── INFORMATION GIVEN

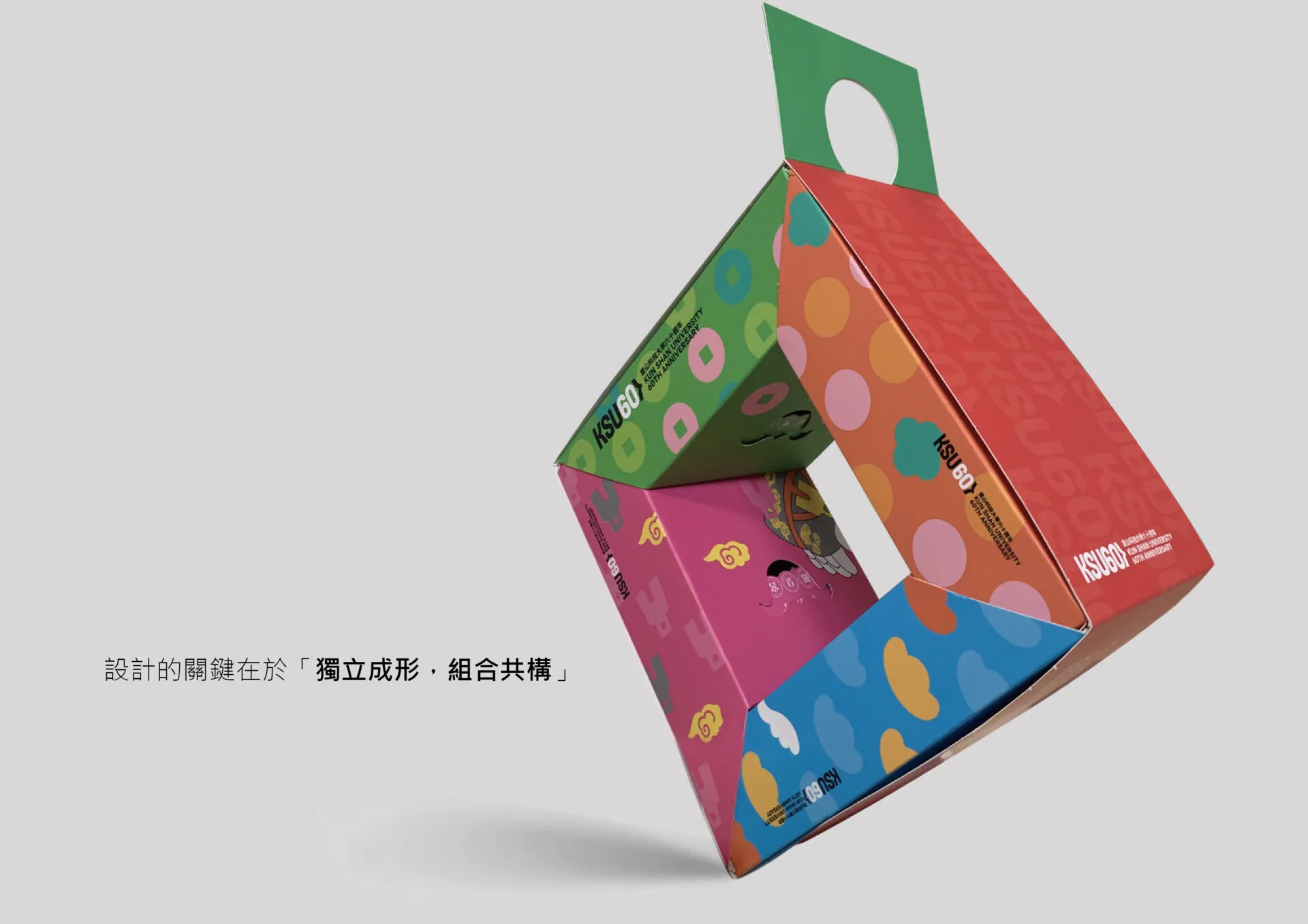 崑山科技大學60週年紀念伴手禮設計,以「環扣共生」為核心概念,回應校慶精神與永續思維。禮盒內容涵蓋四個系所,我們為每一個系所設計專屬的單一包裝與專屬IP視覺圖像,使每個單位都擁有清晰而獨立的識別性。
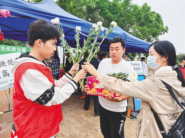 4月4日,清明假期首日,海口乡村采摘游持续升温,不少市民游客走进田间地头,体验采摘乐趣、感受田园风光。春日里的累累硕果不仅串起火热的春游经济链,更为农户增收和乡村振兴注入新活力。当天,在琼山区红旗镇大
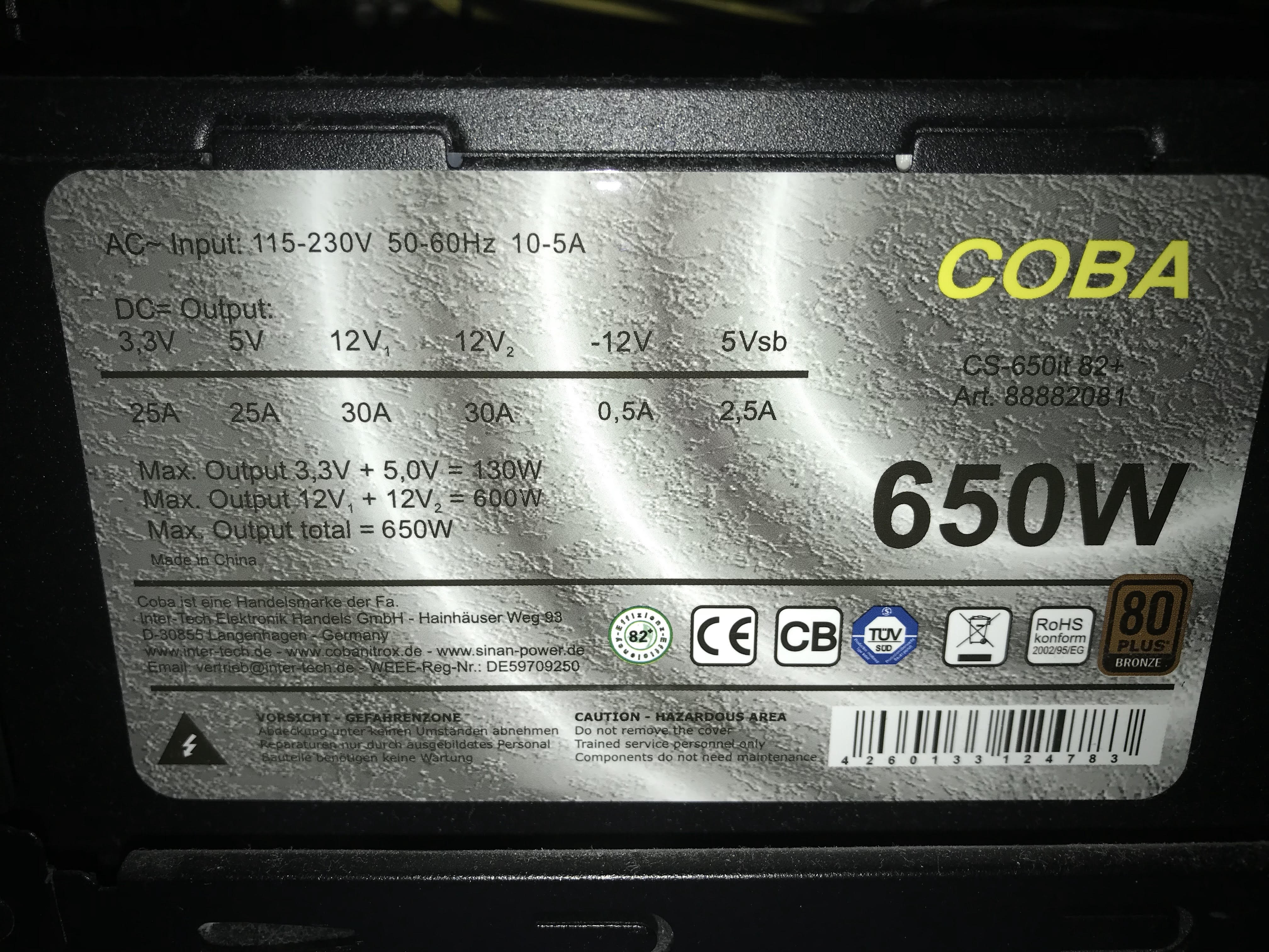 Netzteil: 650Watt Power Gaming Netzteil (80+)
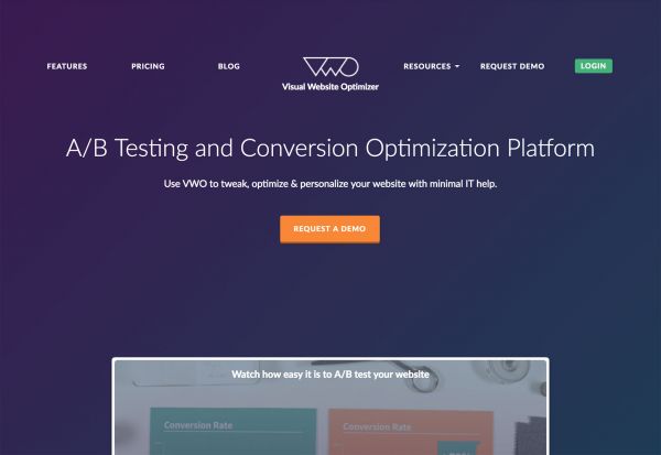 VWO用對比色“黃色”吸引用戶去體驗(yàn)產(chǎn)品demo。
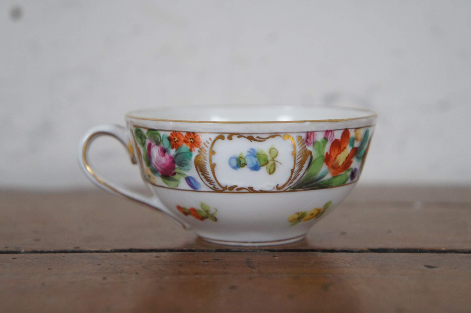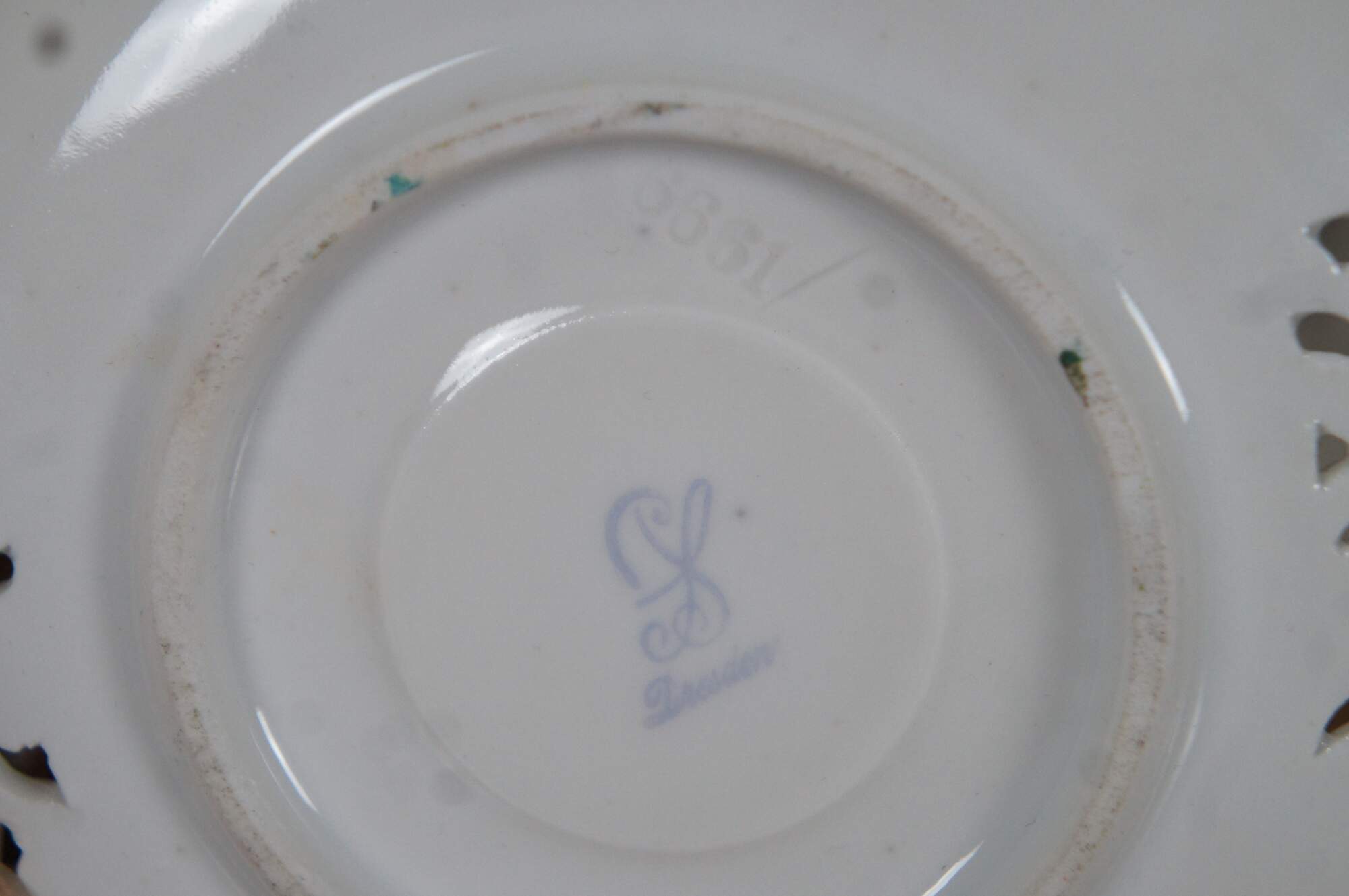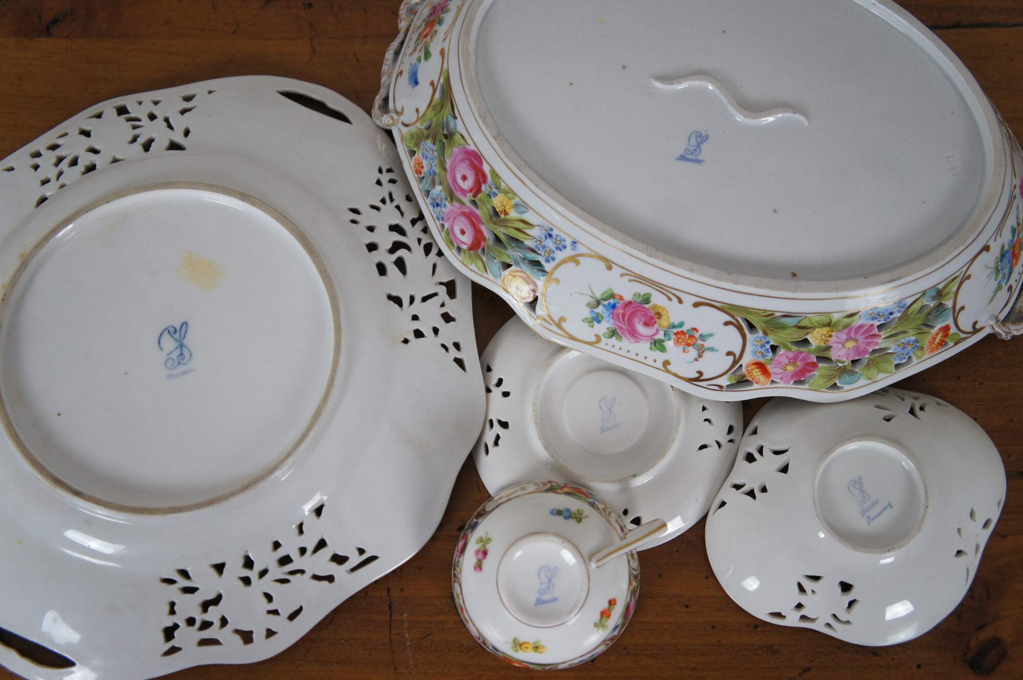 Antique German Dresden Carl Thieme floral porcelain set. Lot includes pierced reticulated oval serving dish, handled platter / plate, small oval dish, and a teacup with saucer.
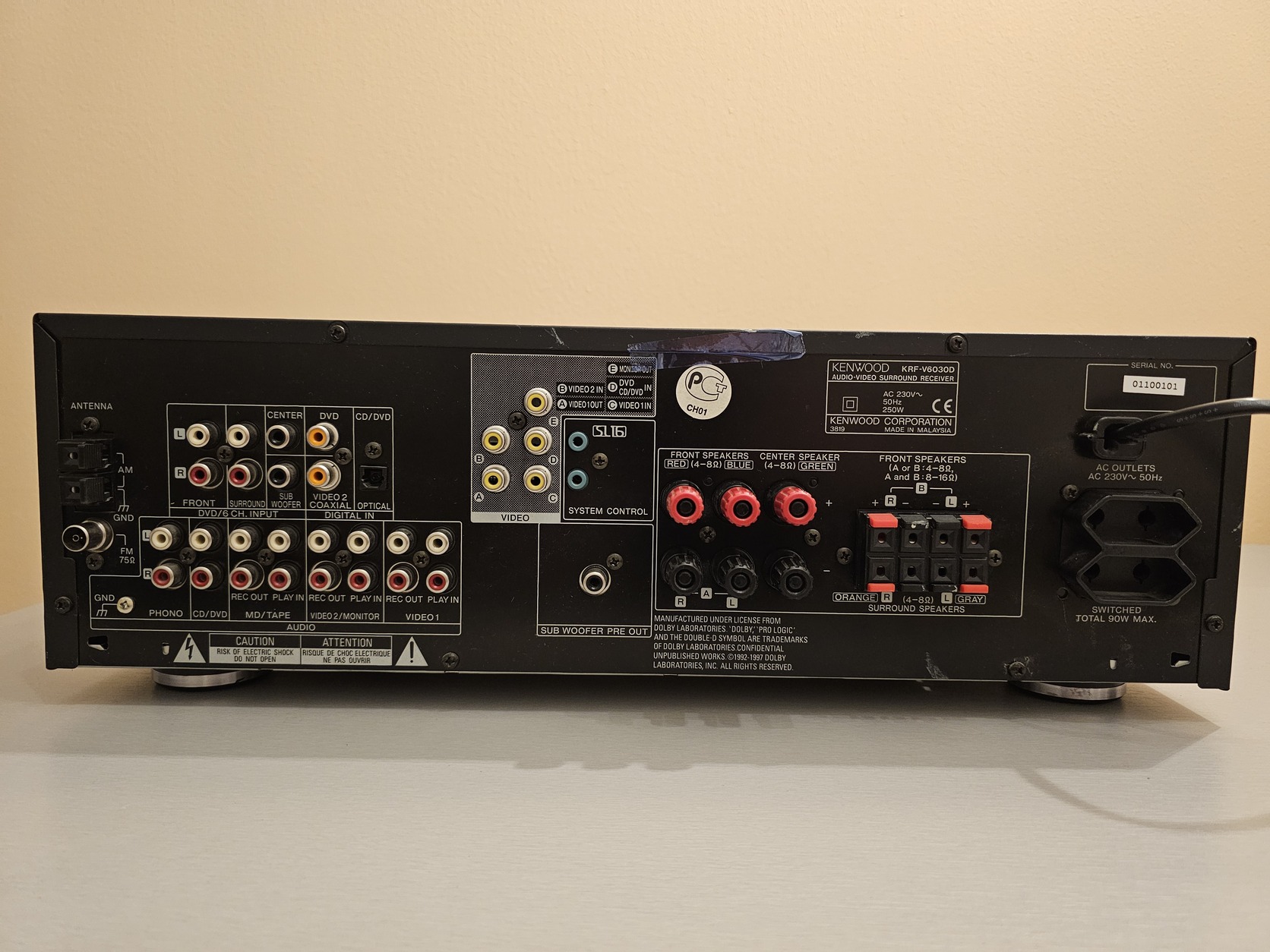 Phono bemenet, optikai bemenet, 2 db AC aljzat, monitor-out (ráköthető pl. equalizer), 5x100 W, Subwoofer pre-out, távirányító.. stb.

────

• **TASK ITEM**
Except for the pictures, give the data again word for word.

• **ANSWER TO THIS TASK**
 崑山科技大學60週年紀念伴手禮設計,以「環扣共生」為核心概念,回應校慶精神與永續思維。禮盒內容涵蓋四個系所,我們為每一個系所設計專屬的單一包裝與專屬IP視覺圖像,使每個單位都擁有清晰而獨立的識別性。
 4月4日,清明假期首日,海口乡村采摘游持续升温,不少市民游客走进田间地头,体验采摘乐趣、感受田园风光。春日里的累累硕果不仅串起火热的春游经济链,更为农户增收和乡村振兴注入新活力。当天,在琼山区红旗镇大
 Netzteil: 650Watt Power Gaming Netzteil (80+)
 VWO用對比色“黃色”吸引用戶去體驗(yàn)產(chǎn)品demo。
 Antique German Dresden Carl Thieme floral porcelain set. Lot includes pierced reticulated oval serving dish, handled platter / plate, small oval dish, and a teacup with saucer.
 Phono bemenet, optikai bemenet, 2 db AC aljzat, monitor-out (ráköthető pl. equalizer), 5x100 W, Subwoofer pre-out, távirányító.. stb.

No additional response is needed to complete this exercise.